Requirement » Leave the pictures out and write out the rest of the listing word for word.

Dataset extract »

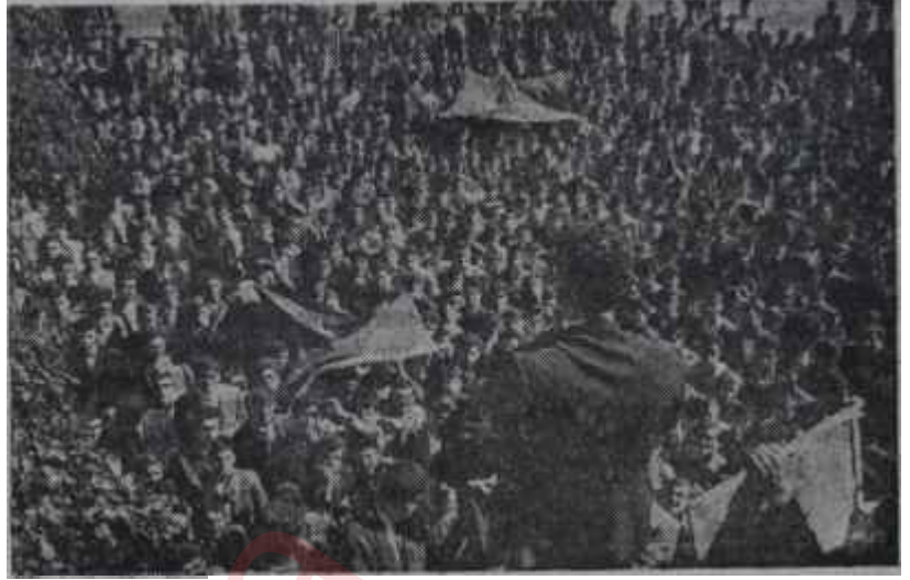
Bir seçim mitinginin de halk topluluğu Yarıncı Türkiyeden bir levha

Şu anda hiç kimsenin şüphe etmemesi gereken husus, verilen müsaadeyle birlikte tozkoparan bir faaliyetin seçim gününe kadar memlekette hüküm süreceğidir. Bu arada pek çok cerahatin, pisliğin de bazan insanın midesini bulandıracak tarzda akacağı unutulmamalıdır. En can sıkıcı manzaralar karşısında bile yapılacak şey sınırlara hakim olmak ve asla hiddete kapılmamaktır. Açık hayatın en büyük zorluğunun bilhassa ilk devrelerdeki aşırılıklara tahammül olduğu gözden uzak tutulmazsa ve bu tahammülü göstermenin herkesten ziyade kudret sahipleri için vazife bulunduğu hatırlanırsa kritik devre mesut şekilde neticelenecektir. Bunun için bu milletin olgunluğuna güvenmek, demokratik nizam içinde bütün aşırılıkların cemiyetten gerekli tepkiyi kendiliğinden göreceğini bilmek, politikacıların, kalem erbabının, umumi efkara çeşitli yollardan hitap edenlerin hep melek olmadıklarını hesaba katmak şarttır. Bilinmelidir ki tozkoparan fırtınalar en sonda mutlaka diner ve eğer gözgözü görmez haldeyken bir yanlış adım atılmadıysa selâmete çıkarılır. Bütün mesele serinkanlılığı elden bırakmamak, asaba hakim olmak, tahammül göstermek, Demokrasinin dertleri ve güçlükleri de bulunan, bir rejim olduğunu hatırlamaktır. Zira bizim iyiliğimizi istemeyenlerin de başımızı belâya sokmak için son meydan muharebelerini bu, önümüzdeki kritik devrede, verecekleri muhakkaktır. On aydan beri her teşebbüslerinin sonunda hüsrana uğ-
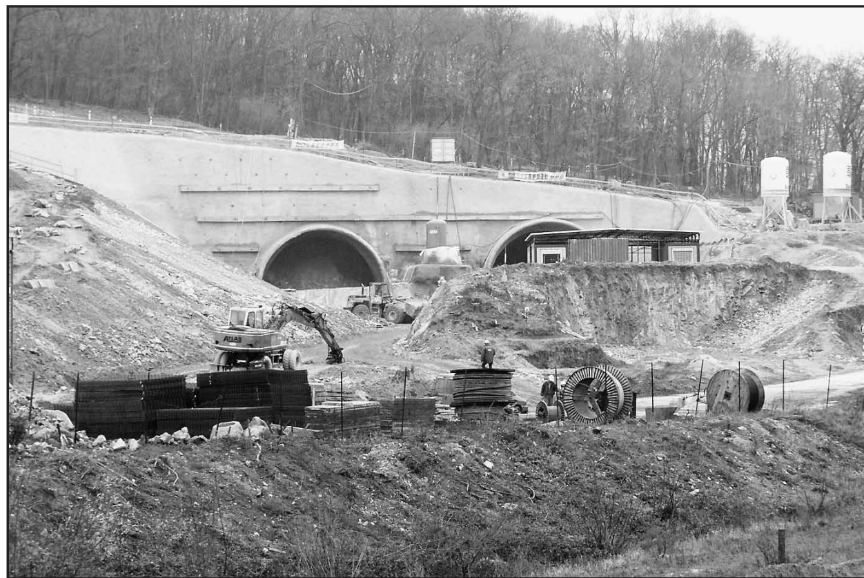
Vstupné portály do tunela popod masív Sitiny sú už zreteľne viditeľné, tempo prác na razení tunela i na výstavbe celého diaľničného úseku Lamačská cesta - Staré grunty sa zvyšuje.

Do konca tohto roka by mali byť ukončené práce na novom vstupe do ZOO, vrátane parkovísk pre jej návštevníkov. Celá výstavba bude trvať ešte tri roky, doprava cez nový diaľničný úsek by mala byť spustená v decembri 2006 a stavbu odovzdajú na jar 2007. (juh)
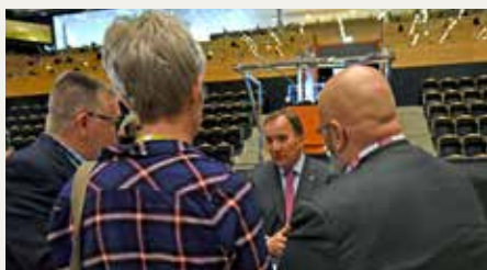
Statsministern omgiven av reportrar efter politikerdialogen
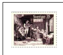
La veillée en famille
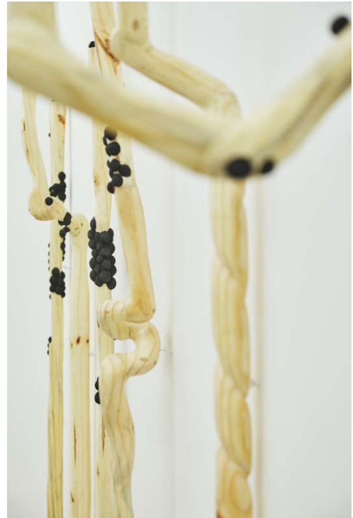
Porto da Folha, 2021 Eucalipto y pino 167 x 22 x 27 cm Colección Instituto Inhotim Minas Gerais, Brasil
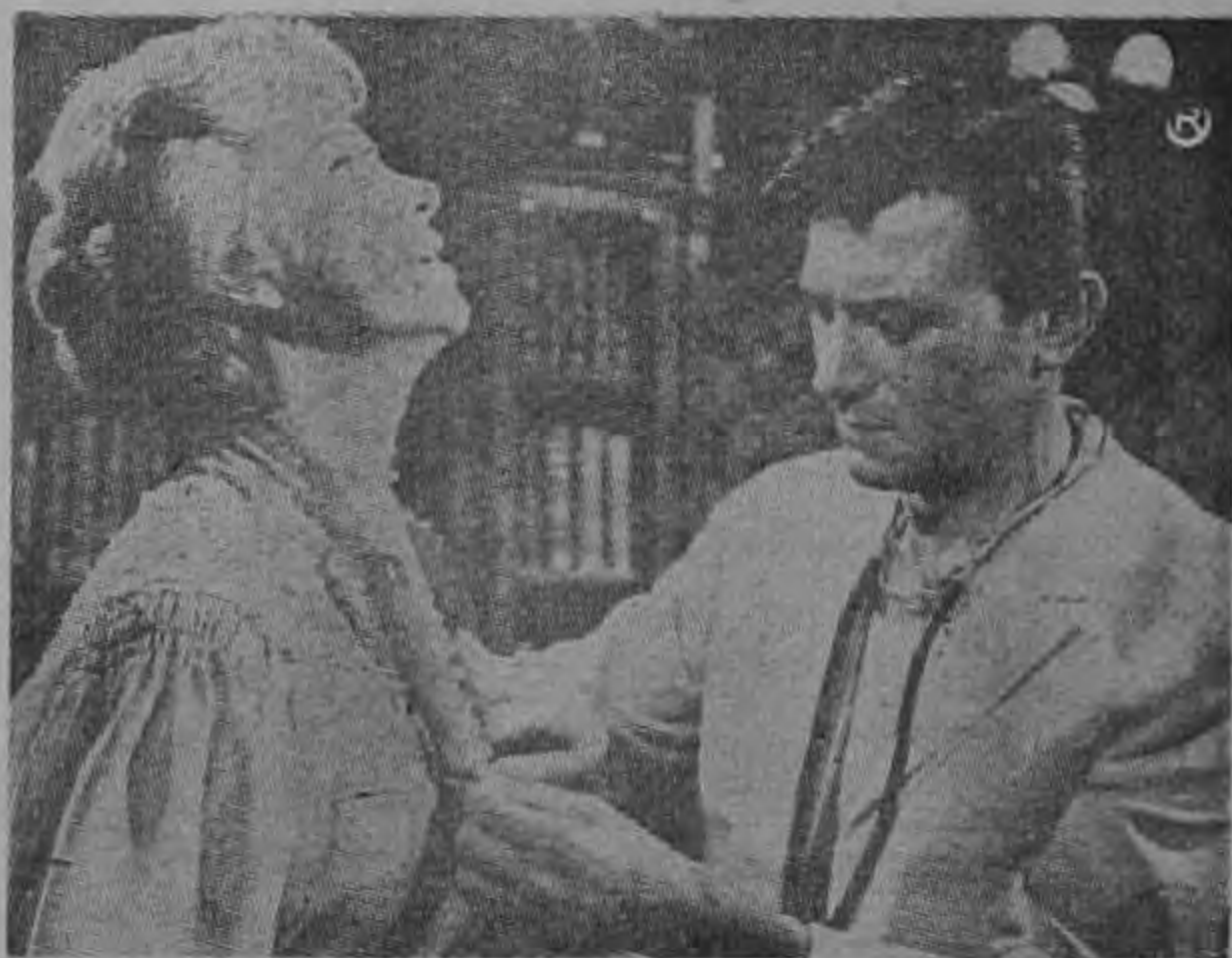
Laurence Harvey, como el joven médico, parrandero y disoluto, desabrocha la blusa para así auscultar mejor a su paciente: Geraldine Page, que hace el papel de una solterona de frenéticas pasiones reprimidas, y que se enamora de su doctor. La tórrida escena es muy expresiva al respecto. La verán en "VERANO Y HUMO".

Geraldine Page, la nueva radiante estrella del firmamento de Hollywood, se ha posesionado íntimamente del personaje que interpreta en la superproducción Paramount "VERANO Y HUMO".
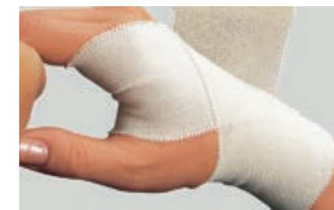
伸縮率 約90% コットン 100%
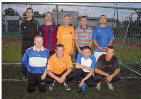
Turniej wygrała drużyna „Albi Celeste”.

Kiedy w sobotę 19 lipca w Michałowicach Wsi kończyły się Mistrzostwa Świata Modeli Ślizgów klasy M, na Osiedlu Michałowice rozpoczął się dwudniowy turniej piłki nożnej.
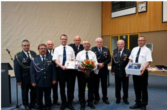
Bei der Festsitzung in der Ostthüringenhalle überbrachten auch die Gäste aus Dolni Loucky Präsente
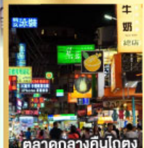
ตลาดกลางคืนโตง
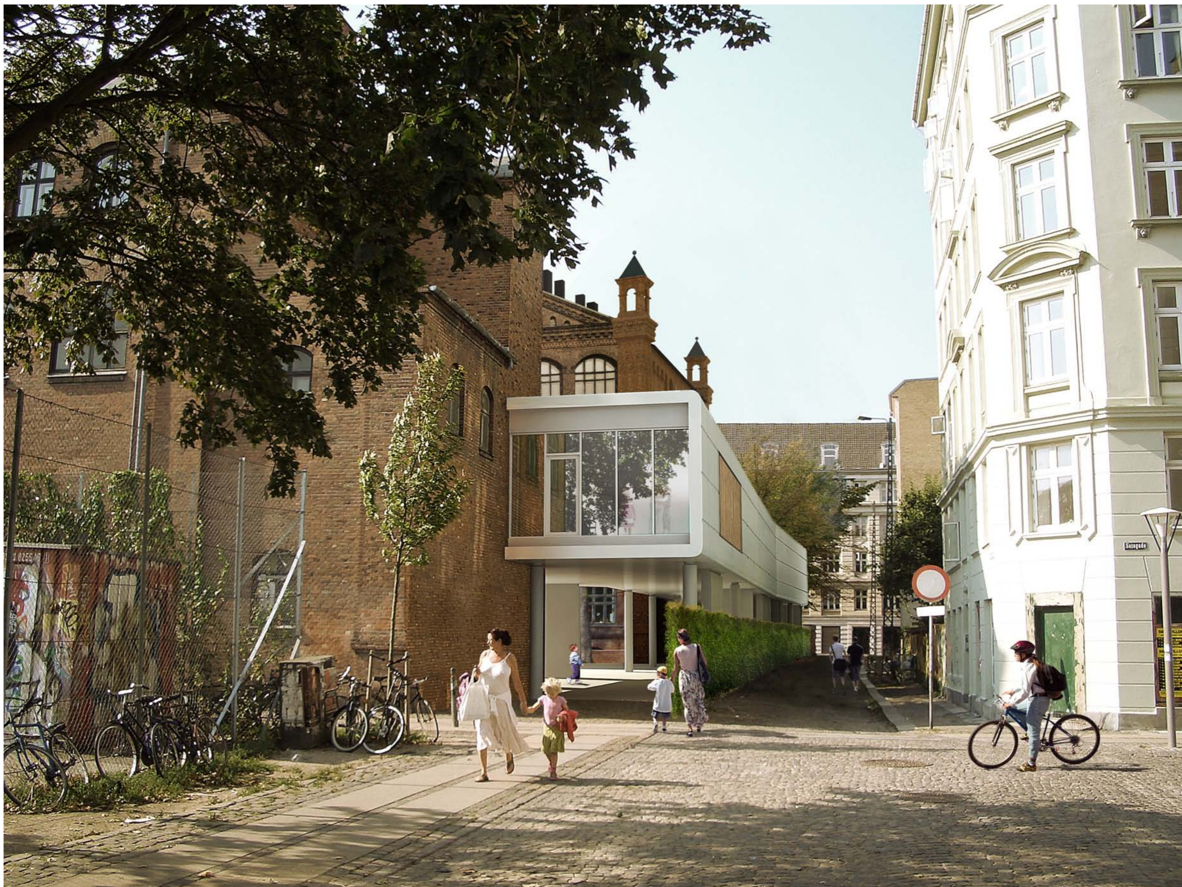
Perspektiv fra Litauens Plads

Response to this exercise »
Bir seçim mitinginin de halk topluluğu Yarıncı Türkiyeden bir levha

Şu anda hiç kimsenin şüphe etmemesi gereken husus, verilen müsaadeyle birlikte tozkoparan bir faaliyetin seçim gününe kadar memlekette hüküm süreceğidir. Bu arada pek çok cerahatin, pisliğin de bazan insanın midesini bulandıracak tarzda akacağı unutulmamalıdır. En can sıkıcı manzaralar karşısında bile yapılacak şey sınırlara hakim olmak ve asla hiddete kapılmamaktır. Açık hayatın en büyük zorluğunun bilhassa ilk devrelerdeki aşırılıklara tahammül olduğu gözden uzak tutulmazsa ve bu tahammülü göstermenin herkesten ziyade kudret sahipleri için vazife bulunduğu hatırlanırsa kritik devre mesut şekilde neticelenecektir. Bunun için bu milletin olgunluğuna güvenmek, demokratik nizam içinde bütün aşırılıkların cemiyetten gerekli tepkiyi kendiliğinden göreceğini bilmek, politikacıların, kalem erbabının, umumi efkara çeşitli yollardan hitap edenlerin hep melek olmadıklarını hesaba katmak şarttır. Bilinmelidir ki tozkoparan fırtınalar en sonda mutlaka diner ve eğer gözgözü görmez haldeyken bir yanlış adım atılmadıysa selâmete çıkarılır. Bütün mesele serinkanlılığı elden bırakmamak, asaba hakim olmak, tahammül göstermek, Demokrasinin dertleri ve güçlükleri de bulunan, bir rejim olduğunu hatırlamaktır. Zira bizim iyiliğimizi istemeyenlerin de başımızı belâya sokmak için son meydan muharebelerini bu, önümüzdeki kritik devrede, verecekleri muhakkaktır. On aydan beri her teşebbüslerinin sonunda hüsrana uğ-
Vstupné portály do tunela popod masív Sitiny sú už zreteľne viditeľné, tempo prác na razení tunela i na výstavbe celého diaľničného úseku Lamačská cesta - Staré grunty sa zvyšuje.

Do konca tohto roka by mali byť ukončené práce na novom vstupe do ZOO, vrátane parkovísk pre jej návštevníkov. Celá výstavba bude trvať ešte tri roky, doprava cez nový diaľničný úsek by mala byť spustená v decembri 2006 a stavbu odovzdajú na jar 2007. (juh)
Statsministern omgiven av reportrar efter politikerdialogen
La veillée en famille
Porto da Folha, 2021 Eucalipto y pino 167 x 22 x 27 cm Colección Instituto Inhotim Minas Gerais, Brasil
Laurence Harvey, como el joven médico, parrandero y disoluto, desabrocha la blusa para así auscultar mejor a su paciente: Geraldine Page, que hace el papel de una solterona de frenéticas pasiones reprimidas, y que se enamora de su doctor. La tórrida escena es muy expresiva al respecto. La verán en "VERANO Y HUMO".

Geraldine Page, la nueva radiante estrella del firmamento de Hollywood, se ha posesionado íntimamente del personaje que interpreta en la superproducción Paramount "VERANO Y HUMO".
伸縮率 約90% コットン 100%
Turniej wygrała drużyna „Albi Celeste”.

Kiedy w sobotę 19 lipca w Michałowicach Wsi kończyły się Mistrzostwa Świata Modeli Ślizgów klasy M, na Osiedlu Michałowice rozpoczął się dwudniowy turniej piłki nożnej.
Bei der Festsitzung in der Ostthüringenhalle überbrachten auch die Gäste aus Dolni Loucky Präsente
ตลาดกลางคืนโตง
Perspektiv fra Litauens Plads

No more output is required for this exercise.